- _DATA BLOCK_:
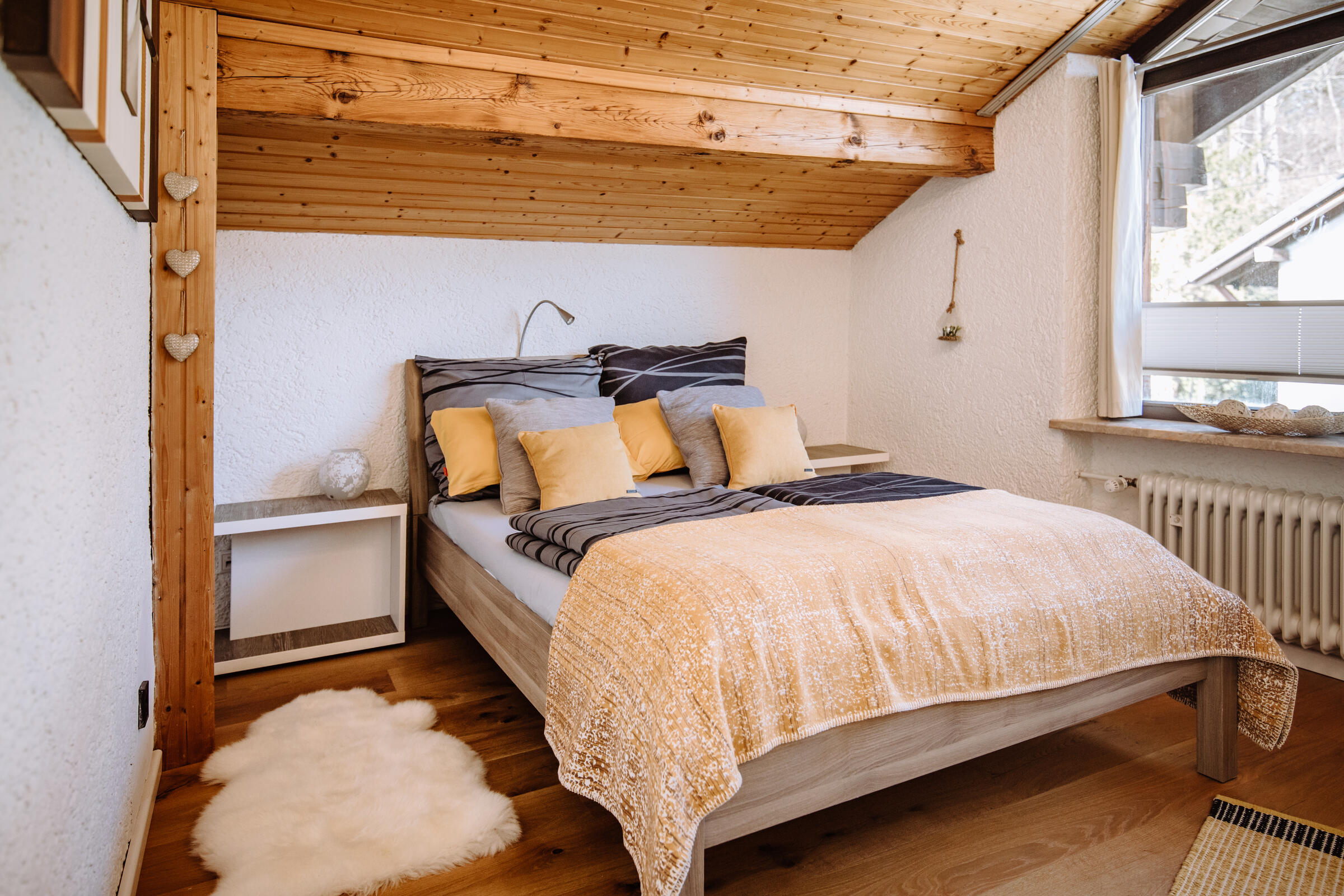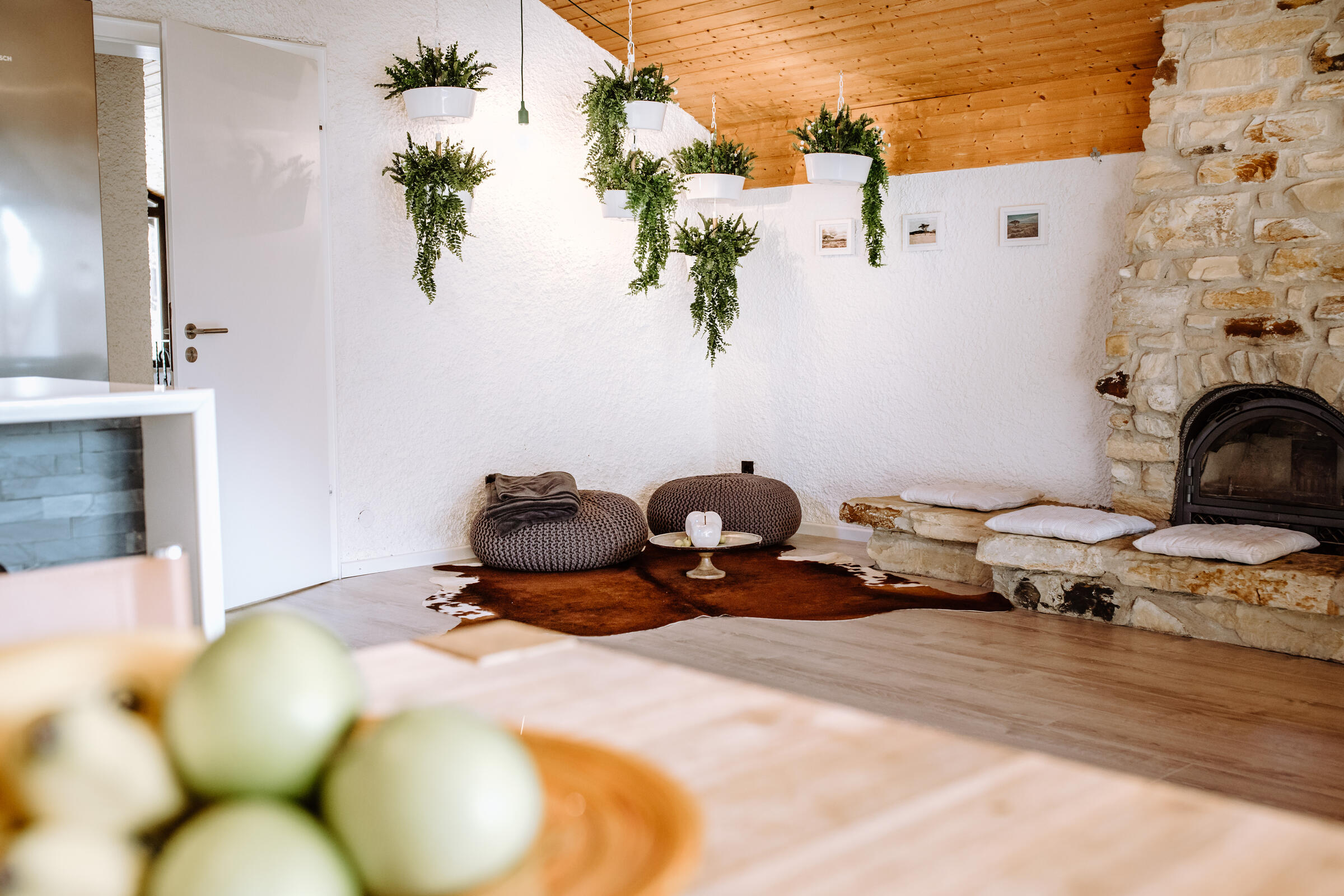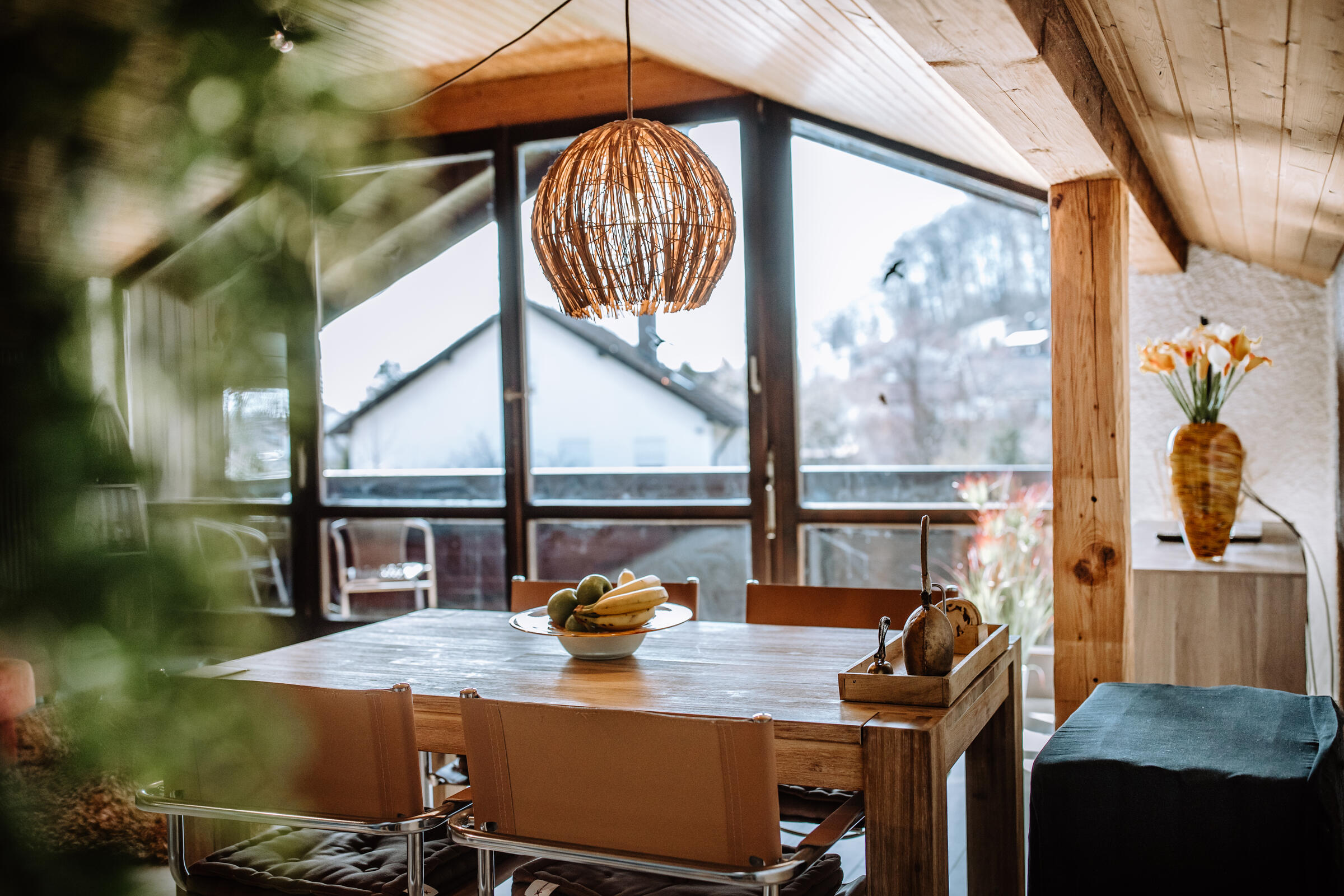 Die idyllische 2-Zimmer-Wohnung befindet sich separiert im Dachgeschoss unseres Einfamilienhauses. Der großzügige Wohn- und Essbereich mit integrierter Kochinsel sorgt für ein angenehmes Raumgefühl. Ein doppelflügeliger Balkonzugang lässt den Raum noch größer erscheinen. Der Balkon ist mit Mosaik-Tischchen und Stühlen möbliert. Eine kleine Chill-Ecke lädt zum Verweilen ein. Sie bietet Sitzgelegenheiten, ebenso die Kaminbank aus Jurakalk-Naturstein. Der Schlafbereich gen Osten lässt Morgensonne ins Bett fallen. Ein Eichenboden mit Teppichen verschafft ein wohnliches Klima. Die Ausblicke sind in alle Richtungen unverbaut.
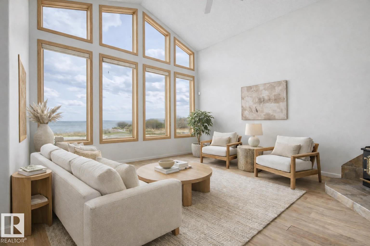 Discover this stunning 7 bedroom waterfront home on Pigeon Lake with almost 3500 sft of developed living space! Only 1 hour from the city this four season home is perfect for families, entertainers, outdoor lovers, and Airbnb hosts alike. The bright main floor features an A-frame living room, cozy wood-burning fireplace open to your dining and well-appointed kitchen - all with Bose sound system. Step out onto your screened-in room, soak in the hot tub, or host gatherings on the expansive patio. The beautiful private primary suite features lake views, an ensuite, and walk-in closet. Main floor laundry, two additional bedrooms, a full bathroom and family theatre room complete the main floor. The fully finished basement adds four more bedrooms, a full bath, room for multiple families to stay, all with their own space! The detached shop features a work area, 2 single bays great for storing all your toys and a whole home back up generator! Don?t miss this rare opportunity to own a piece of lakefront paradise!
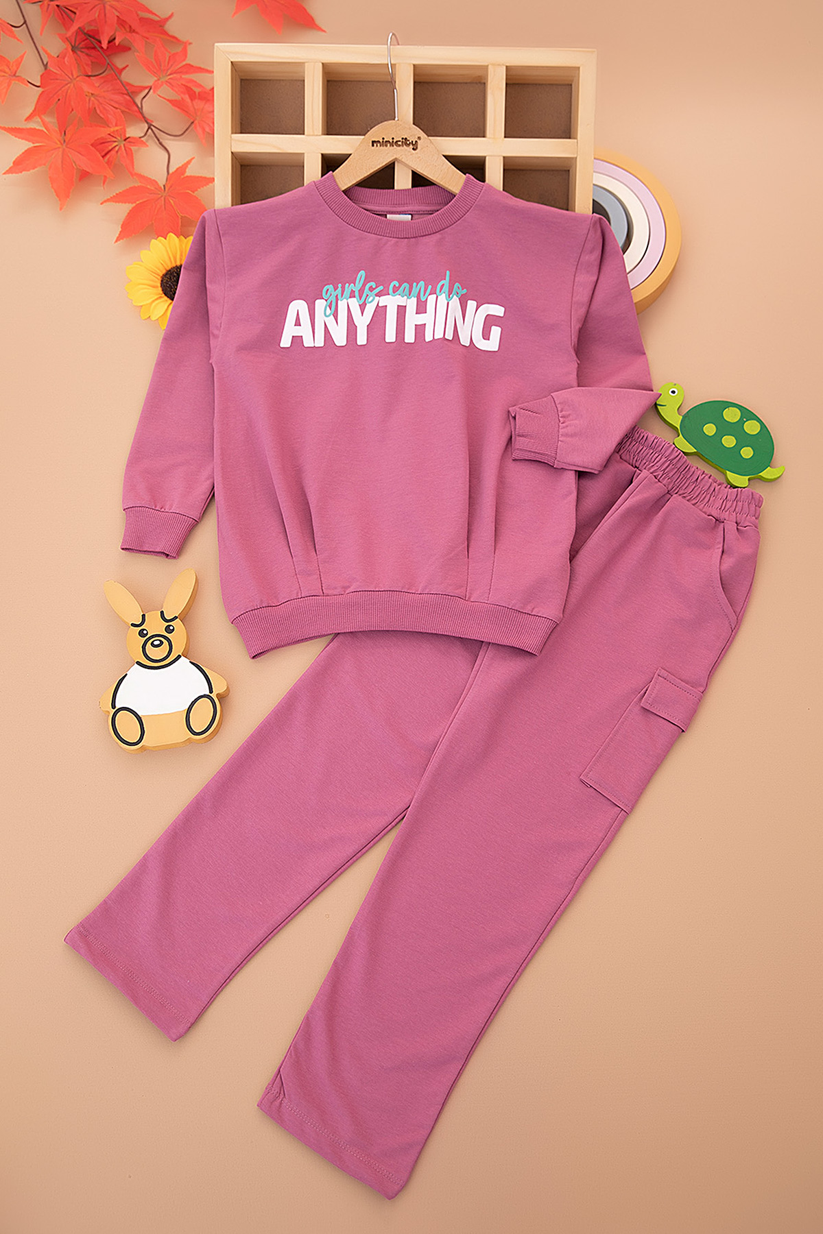 Kız Çocuk Anything Baskılı Takım - 24533 (7-10 Yaş)
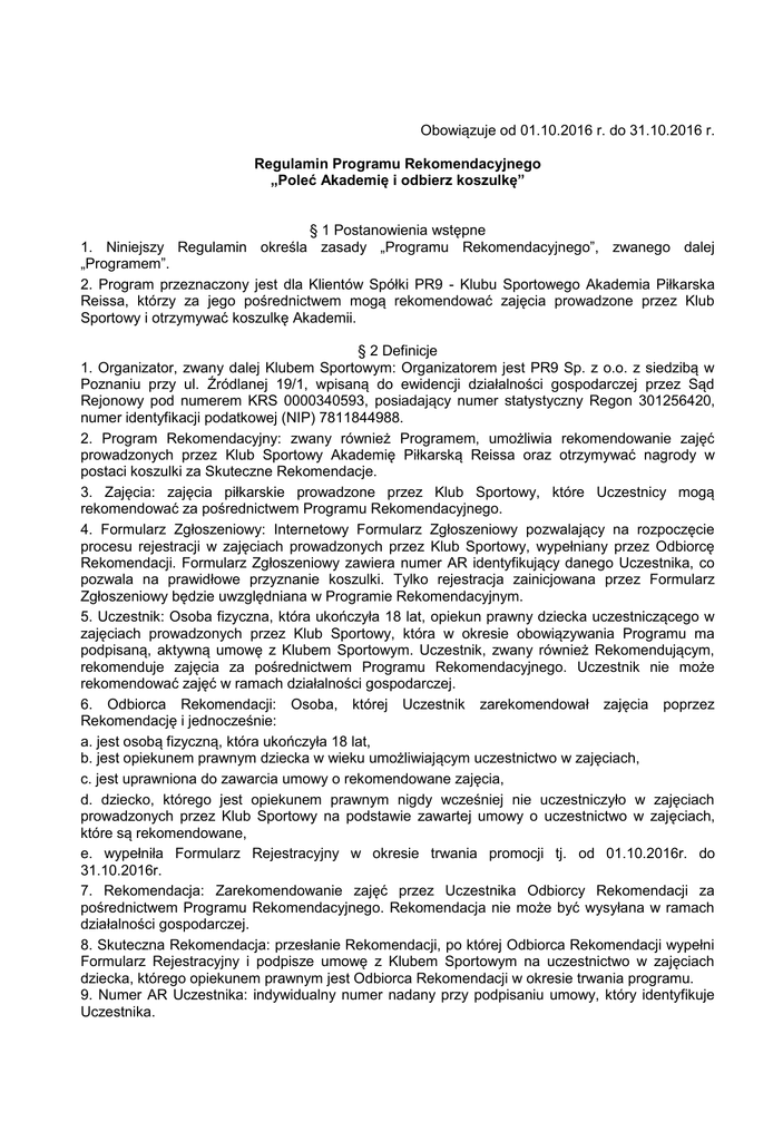 Obowiązuje od 01.10.2016 r. do 31.10.2016 r. Regulamin Programu Rekomendacyjnego „Poleć Akademię i odbierz koszulkę” § 1 Postanowienia wstępne 1. Niniejszy Regulamin określa zasady „Programu Rekomendacyjnego”, zwanego dalej „Programem”. 2. Program przeznaczony jest dla Klientów Spółki PR9 - Klubu Sportowego Akademia Piłkarska Reissa, którzy za jego pośrednictwem mogą rekomendować zajęcia prowadzone przez Klub Sportowy i otrzymywać koszulkę Akademii. § 2 Definicje 1. Organizator, zwany dalej Klubem Sportowym: Organizatorem jest PR9 Sp. z o.o. z siedzibą w Poznaniu przy ul. ródlanej 19/1, wpisaną do ewidencji działalności gospodarczej przez Sąd Rejonowy pod numerem KRS 0000340593, posiadający numer statystyczny Regon 301256420, numer identyfikacji podatkowej (NIP) 7811844988. 2. Program Rekomendacyjny: zwany również Programem, umożliwia rekomendowanie zajęć prowadzonych przez Klub Sportowy Akademię Piłkarską Reissa oraz otrzymywać nagrody w postaci koszulki za Skuteczne Rekomendacje. 3. Zajęcia: zajęcia piłkarskie prowadzone przez Klub Sportowy, które Uczestnicy mogą rekomendować za pośrednictwem Programu Rekomendacyjnego. 4. Formularz Zgłoszeniowy: Internetowy Formularz Zgłoszeniowy pozwalający na rozpoczęcie procesu rejestracji w zajęciach prowadzonych przez Klub Sportowy, wypełniany przez Odbiorcę Rekomendacji. Formularz Zgłoszeniowy zawiera numer AR identyfikujący danego Uczestnika, co pozwala na prawidłowe przyznanie koszulki. Tylko rejestracja zainicjowana przez Formularz Zgłoszeniowy będzie uwzględniana w Programie Rekomendacyjnym. 5. Uczestnik: Osoba fizyczna, która ukończyła 18 lat, opiekun prawny dziecka uczestniczącego w zajęciach prowadzonych przez Klub Sportowy, która w okresie obowiązywania Programu ma podpisaną, aktywną umowę z Klubem Sportowym. Uczestnik, zwany również Rekomendującym, rekomenduje zajęcia za pośrednictwem Programu Rekomendacyjnego. Uczestnik nie może rekomendować zajęć w ramach działalności gospodarczej. 6. Odbiorca Rekomendacji: Osoba, której Uczestnik zarekomendował zajęcia poprzez Rekomendację i jednocześnie: a. jest osobą fizyczną, która ukończyła 18 lat, b. jest opiekunem prawnym dziecka w wieku umożliwiającym uczestnictwo w zajęciach, c. jest uprawniona do zawarcia umowy o rekomendowane zajęcia, d. dziecko, którego jest opiekunem prawnym nigdy wcześniej nie uczestniczyło w zajęciach prowadzonych przez Klub Sportowy na podstawie zawartej umowy o uczestnictwo w zajęciach, które są rekomendowane, e. wypełniła Formularz Rejestracyjny w okresie trwania promocji tj. od 01.10.2016r. do 31.10.2016r. 7. Rekomendacja: Zarekomendowanie zajęć przez Uczestnika Odbiorcy Rekomendacji za pośrednictwem Programu Rekomendacyjnego. Rekomendacja nie może być wysyłana w ramach działalności gospodarczej. 8. Skuteczna Rekomendacja: przesłanie Rekomendacji, po której Odbiorca Rekomendacji wypełni Formularz Rejestracyjny i podpisze umowę z Klubem Sportowym na uczestnictwo w zajęciach dziecka, którego opiekunem prawnym jest Odbiorca Rekomendacji w okresie trwania programu. 9. Numer AR Uczestnika: indywidualny numer nadany przy podpisaniu umowy, który identyfikuje Uczestnika. § 3 Warunki uczestnictwa 1. Program jest przeznaczony dla osób fizycznych, które ukończyły 18 lat i spełniają łącznie poniższe warunki: a. są opiekunem prawnym dziecka, które uczestniczy w zajęciach prowadzonych przez Klub Sportowy, b. w okresie obowiązywania Programu mają podpisaną i aktywną umowę z Klubem Sportowym, c. będą rekomendowały Produkty Odbiorcom Rekomendacji, zgodnie z zasadami zawartymi w niniejszym Regulaminie. § 4 Zasady Programu 1. Program polega na przesyłaniu Rekomendacji przez Uczestników do Odbiorców Rekomendacji w celu Skutecznej Rekomendacji, za co będą przyznawane nagrody w postaci koszulki Akademii. 2. Tylko Formularze Rejestracyjne na Stronie Klubu Sportowego będą zliczane w Programie i za Skuteczne Rekomendacje za ich pośrednictwem będą przyznawane Premie. 3. Nagrodą za Skuteczną Rekomendację jest koszulka Akademii dla osoby, która dokonała polecenia. Po podpisaniu umowy z polecenia, zawodnik polecający otrzymuje koszulkę Akademii. 4. W przypadku Skutecznej Rekomendacji większej liczby osób w danym miesiącu, nagrody w postaci koszulki nie sumują się. 5. Aby koszulka była przyznana, Odbiorca Rekomendacji zobowiązany jest do przesłania informacji o poleceniu do koordynatora danej lokalizacji. W przypadku osób, które nie prześlą wiadomości, koszulka może zostać przyznana z opó nieniem. W treści wiadomości proszę podać imię, nazwisko, lokalizację oraz numer AR osoby polecającej. § 5 Czas trwania Programu 1. Program trwa od 01.10.2016r. do 31.10.2016r. 2. W Programie będą uwzględniane prawidłowo wypełnione i przesłane Formularze Rejestracyjne w okresie obowiązywania Programu na podstawie, których w czasie trwania Programu zostanie podpisana umowa z Odbiorcą Rekomendacji. 3. Przyznanie koszulki zarówno osobie Polecającej jak i Odbiorcy Rekomendacji następuje po miesiącu, w którym nastąpiła Skuteczna Rekomendacja, nawet w przypadku kiedy zakończył się okres obowiązywania programu. 4. Skuteczne Rekomendacje będą uwzględniane tylko w przypadku zawarcia umowy do dnia 31.10.2016 r. (decyduje data otrzymania umowy przez Klub). § 6 Prawa i obowiązki Klubu Sportowego 1. W celu właściwego przeprowadzenia Programu, w szczególności w celu komunikacji z Uczestnikami, Klub Sportowy będzie przetwarzał dane osobowe Uczestników na zasadach przewidzianych ustawą z dnia 29 sierpnia 1997 r. o ochronie danych osobowych (Źz. U. z 2002 r. Nr 101 poz. 926 z pó n. zm.). 2. W przypadku otrzymania informacji o wykorzystywaniu Programu Rekomendującego w sposób naruszający przepisy prawa lub godzący w dobre obyczaje czy powszechnie obowiązujące normy obyczajowe i społeczne, bąd wysyłani

- _BRIEF_: Repeat the exact lines from the first line of the data through the line containing "Kız Çocuk Anything". Nothing else, no pictures.

- _SOLUTION TO THIS TASK_:
 Die idyllische 2-Zimmer-Wohnung befindet sich separiert im Dachgeschoss unseres Einfamilienhauses. Der großzügige Wohn- und Essbereich mit integrierter Kochinsel sorgt für ein angenehmes Raumgefühl. Ein doppelflügeliger Balkonzugang lässt den Raum noch größer erscheinen. Der Balkon ist mit Mosaik-Tischchen und Stühlen möbliert. Eine kleine Chill-Ecke lädt zum Verweilen ein. Sie bietet Sitzgelegenheiten, ebenso die Kaminbank aus Jurakalk-Naturstein. Der Schlafbereich gen Osten lässt Morgensonne ins Bett fallen. Ein Eichenboden mit Teppichen verschafft ein wohnliches Klima. Die Ausblicke sind in alle Richtungen unverbaut.
 Discover this stunning 7 bedroom waterfront home on Pigeon Lake with almost 3500 sft of developed living space! Only 1 hour from the city this four season home is perfect for families, entertainers, outdoor lovers, and Airbnb hosts alike. The bright main floor features an A-frame living room, cozy wood-burning fireplace open to your dining and well-appointed kitchen - all with Bose sound system. Step out onto your screened-in room, soak in the hot tub, or host gatherings on the expansive patio. The beautiful private primary suite features lake views, an ensuite, and walk-in closet. Main floor laundry, two additional bedrooms, a full bathroom and family theatre room complete the main floor. The fully finished basement adds four more bedrooms, a full bath, room for multiple families to stay, all with their own space! The detached shop features a work area, 2 single bays great for storing all your toys and a whole home back up generator! Don?t miss this rare opportunity to own a piece of lakefront paradise!
 Kız Çocuk Anything Baskılı Takım - 24533 (7-10 Yaş)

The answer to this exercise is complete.